- Education: Cornell University

= Vaddey Ratner =

Cambodian-American novelist

Vaddey Ratner is a Cambodian–American author and novelist.

==Career==
Her first novel In the Shadow of the Banyan was a finalist for the 2013 Hemingway Foundation/PEN Award and the 2013 Book of the Year Indies Choice Book Award. It was also one of five books that received an Adult Debut Honor Award from the American Booksellers Association. Her second novel Music of the Ghosts, published in 2017, was longlisted for the Aspen Words Literary Prize of 2018.

==Personal life==
Vaddey Ratner (née Vaddey Ayuravann Sisowath) is a war refugee and a survivor of the Khmer Rouge genocide. Born into the Sisowath line of the royal family in Cambodia, Ratner was five years old when the Khmer Rouge seized power in 1975, and for the next four years, she and her family endured forced labor, starvation, and violent persecution. In 1979, after the Khmer Rouge regime collapsed, she and her mother survived, while the rest of her immediate family had perished, along with more than a million other Cambodians. Shortly after, the two fled Cambodia, escaping across the border to the Khao I Dang refugee camp in Thailand. In 1981, she immigrated to the United States and lived with her mother in Missouri. After graduating from high school as her class valedictorian in 1990, Ratner attended Cornell University, where she graduated summa cum laude, specializing in Asian history and literature.

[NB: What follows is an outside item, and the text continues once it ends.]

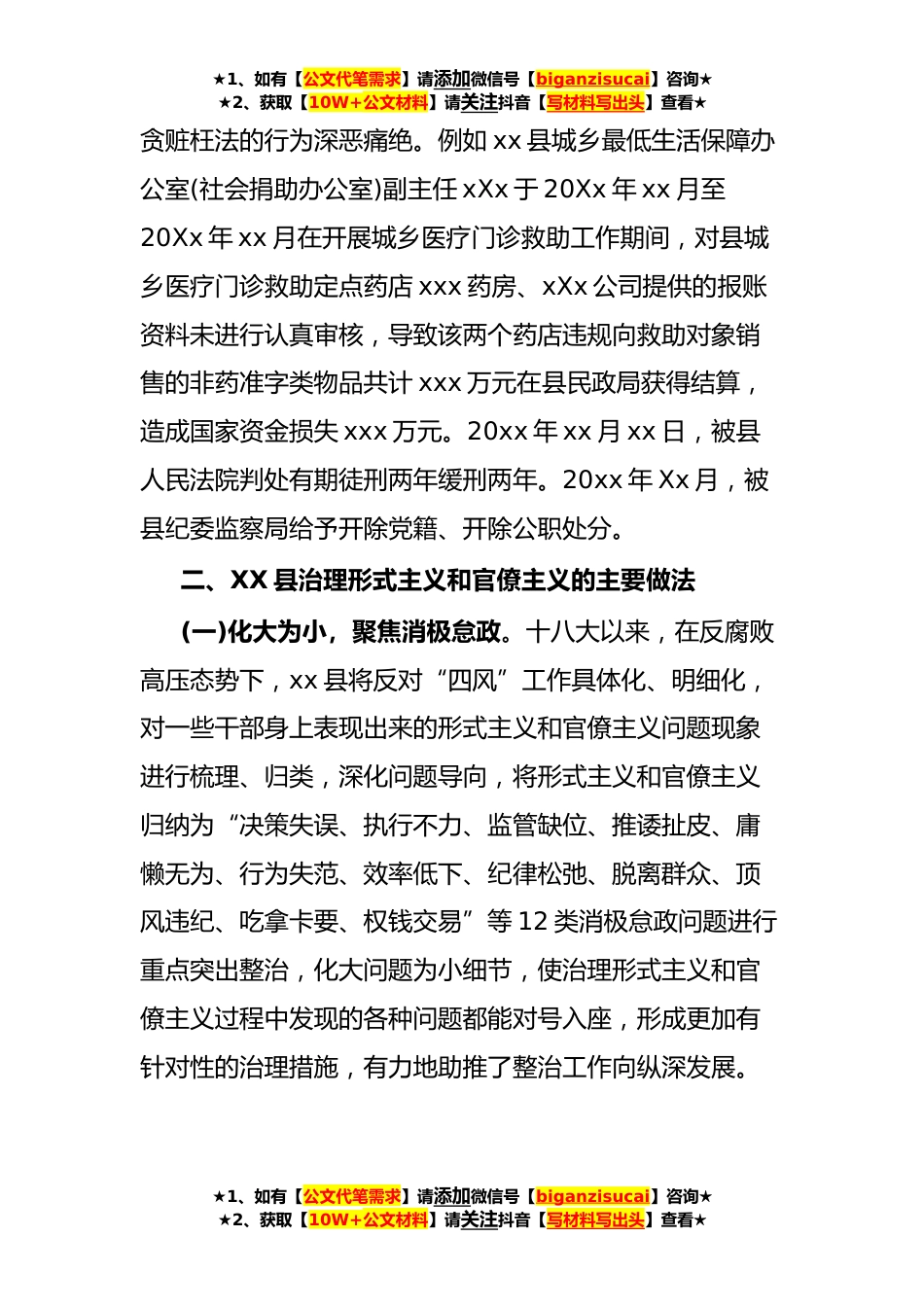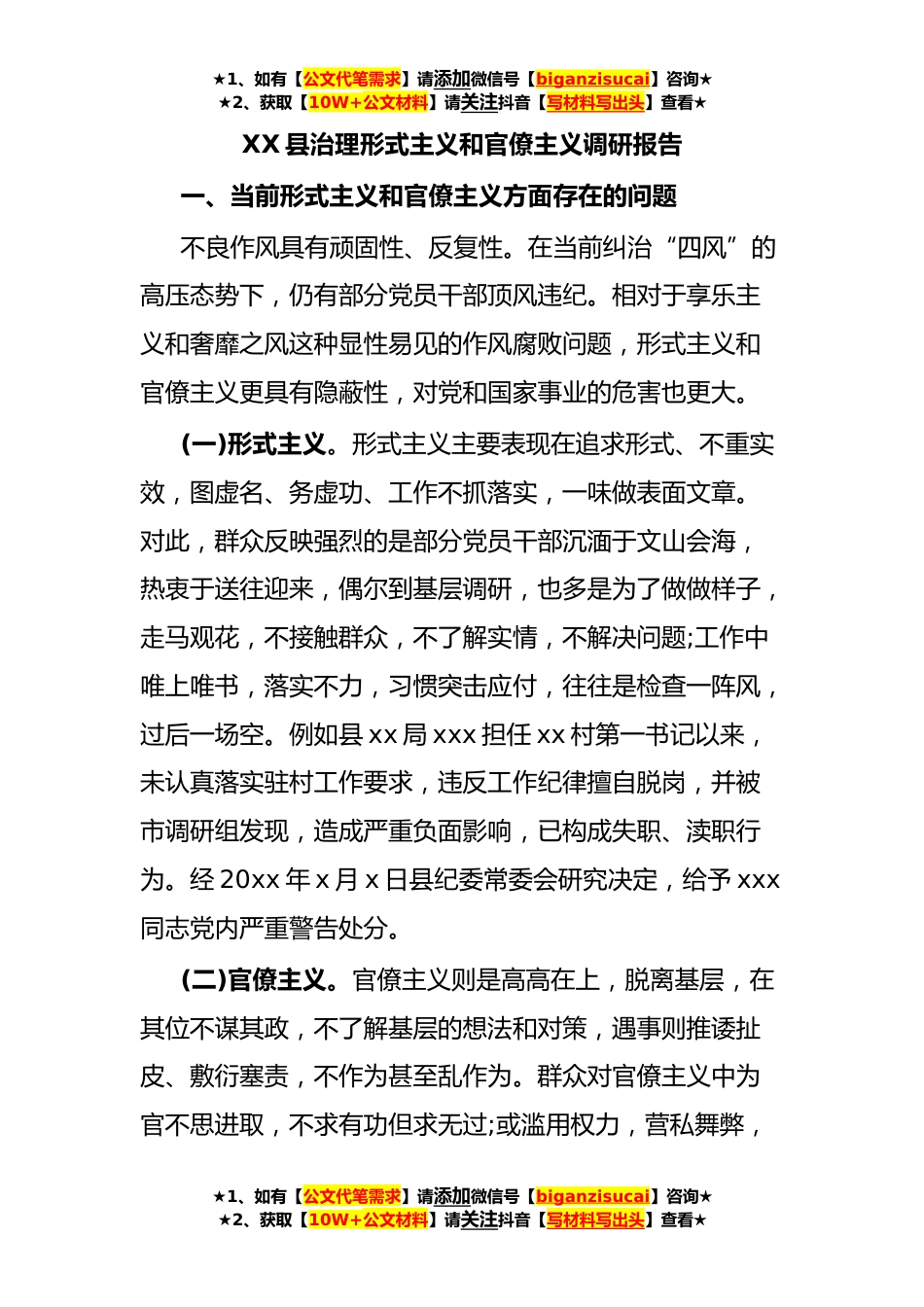 ★1、如有【公文代笔需求】请添加微信号【biganzisucai】咨询★★2、获取【10W+公文材料】请关注抖音【写材料写出头】查看★XX县治理形式主义和官僚主义调研报告一、当前形式主义和官僚主义方面存在的问题不良作风具有顽固性、反复性。在当前纠治“四风”的高压态势下,仍有部分党员干部顶风违纪。相对于享乐主义和奢靡之风这种显性易见的作风腐败问题,形式主义和官僚主义更具有隐蔽性,对党和国家事业的危害也更大。(一)形式主义。形式主义主要表现在追求形式、不重实效,图虚名、务虚功、工作不抓落实,一味做表面文章。对此,群众反映强烈的是部分党员干部沉湎于文山会海,热衷于送往迎来,偶尔到基层调研,也多是为了做做样子,走马观花,不接触群众,不了解实情,不解决问题;工作中唯上唯书,落实不力,习惯...

After graduating from Cornell University, Ratner lived in the Washington D.C. area while working in international affairs. Over the years, she and her husband Blake Ratner, founder of Collaborating for Resilience, an international environmental policy initiative, and their daughter have lived in Malaysia, Thailand, and Cambodia. She and her family now reside in Potomac, Maryland.